Kathy Suhr has gotten her hopes up 14 times only to be disappointed.
Suhr, the owner of the Marian Center and a parishioner of St. Mary’s Visitation Parish in Elm Grove and is one of more than 100,000 people in the U.S. who need a kidney transplant. Fourteen potential donors have been disqualified thus far.
“I’m waiting to feel good,” she said, hoping for a match. “I don’t know what it feels like to feel good.”
In 2015, Suhr went to the emergency room to get a dog bite checked, but medical personnel noticed her blood pressure was high, and she had an irregular, rapid heart rate, both of which are genetically inherited and were affecting her kidney function. Doctors put her on two medications that offset other nutrients in her body, like the amount of sodium or potassium, and her kidney function further declined, said Bill Suhr, Kathy’s husband.
In December, doctors had to put a tube in Kathy’s lung to drain fluid, as well as cut into her back to clean out mucus.
“That was the end of her kidneys,” Bill said.
Since then, Kathy has received dialysis, a process that cleans her blood like a healthy kidney would, for four hours a day, three days a week.
“It drains her physically,” said Bill. “A lot of days (she does) nothing but sleep. It’s emotionally draining, too, because you know you’re being kept alive by a machine.”

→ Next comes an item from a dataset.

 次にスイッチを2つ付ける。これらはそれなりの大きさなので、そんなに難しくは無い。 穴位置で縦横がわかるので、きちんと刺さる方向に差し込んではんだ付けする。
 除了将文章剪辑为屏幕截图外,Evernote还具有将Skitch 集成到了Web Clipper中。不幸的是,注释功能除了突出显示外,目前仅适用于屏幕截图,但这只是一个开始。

Kathy is on the kidney transplant waiting list at Froedtert Hospital, but the average wait time for a transplant is about four years. The life expectancy for someone on dialysis is about five years, according to the National Kidney Foundation.

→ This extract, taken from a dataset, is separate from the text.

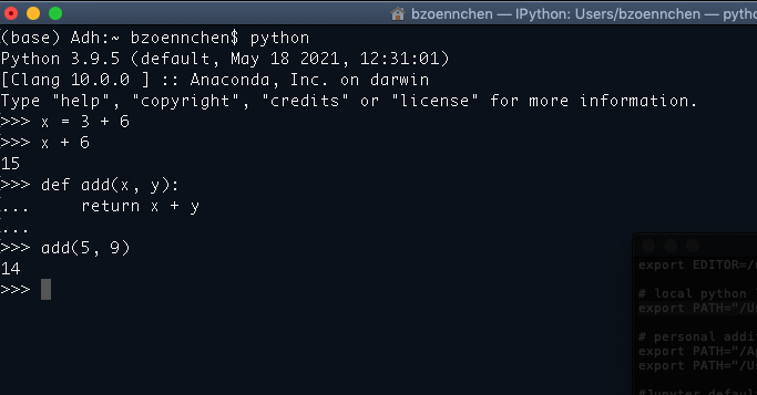 Mit dem Befehl ipython starten Sie einen anderen Kommandozeileninterpreter zum interaktiven Arbeiten.

Further statistics aren’t any more promising. The National Kidney Foundation said 243 people die every day from kidney failure. Last year, $31 billion in Medicare funds were used to treat kidney failure, while only $547 million dollars were spent on research of kidney disease, a disease that effects one in seven Americans, according to the American Journal of Kidney Diseases.
This spring, Bill, who cannot give Kathy one of his kidneys because of familial cystic kidney disease, decided to become proactive after three of Kathy’s relatives were disqualified from giving her a kidney. He spread the word about Kathy’s need to family and friends, put a plea out on Facebook and even emailed a plea out to the Marian Center email list.

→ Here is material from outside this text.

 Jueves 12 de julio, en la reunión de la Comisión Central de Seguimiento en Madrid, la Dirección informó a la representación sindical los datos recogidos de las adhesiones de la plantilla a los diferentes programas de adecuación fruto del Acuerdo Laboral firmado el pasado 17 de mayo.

“Nothing about this is prideful,” he said. “I’ll do whatever it takes.”
Finding a donor is a painful process, but a process the Suhrs have to endure to keep Kathy alive. Froedtert only qualifies one person at a time as a potential match. But, a potential match isn’t always the perfect match.
In order to become a kidney donor, one has to submit only two confidential forms detailing his or her medical history. Within hours or a few days, the transplant center will schedule a telephone interview with the potential donor to review his or her medical history. The donor will then go through 12 hours of testing and interviews. If the results are good, there will be a blood test for a tissue match.
If the tissue matches, the transplant is a go. A donor’s procedure includes several small incisions, with the whole procedure lasting two to three hours. Hospital recovery time is one to three days, and most donors can return to normal activities within two to three weeks, according to the University of San Francisco’s Transplant Center. Donors live a normal life expectancy, don’t have to take any long-term medication and donating comes at no cost.
While Kathy could receive a cadaver kidney, a live organ donor is ideal. A cadaver-donated kidney lasts on average about 15 years whereas a live donor kidney lasts about 29 years, according to the data published in the American Journal of Transplantation.
Although the numbers have not been in her favor thus far, Kathy is hopeful she will receive a kidney.
“We still have God’s work to do; otherwise we wouldn’t be here,” she said.
Kathy has done God’s work at the Marian Center, which sells Catholic books, gifts and supplies. When she heard the Marian Center was for sale several years ago, she felt she needed to save it, so she and Bill stepped up as new owners. She and Bill have also set up Marian Charities in connection to the store, which supports Pro-Life Wisconsin, the Covenant House in New York City, which provides services to the homeless, runaway or throwaway children, and the Star of the Sea, which helps young female victims of human trafficking.
In addition, Kathy provides support and friendship to the School Sisters of Notre Dame as a Lay Associate and had served the members of St. Mary’s Visitation Parish before her health declined.
Kathy said she tries to stay positive because her fate is in God’s hands.
“You have to keep your faith because it’s important,” she said. “If you don’t have faith, I don’t know how you get through this.”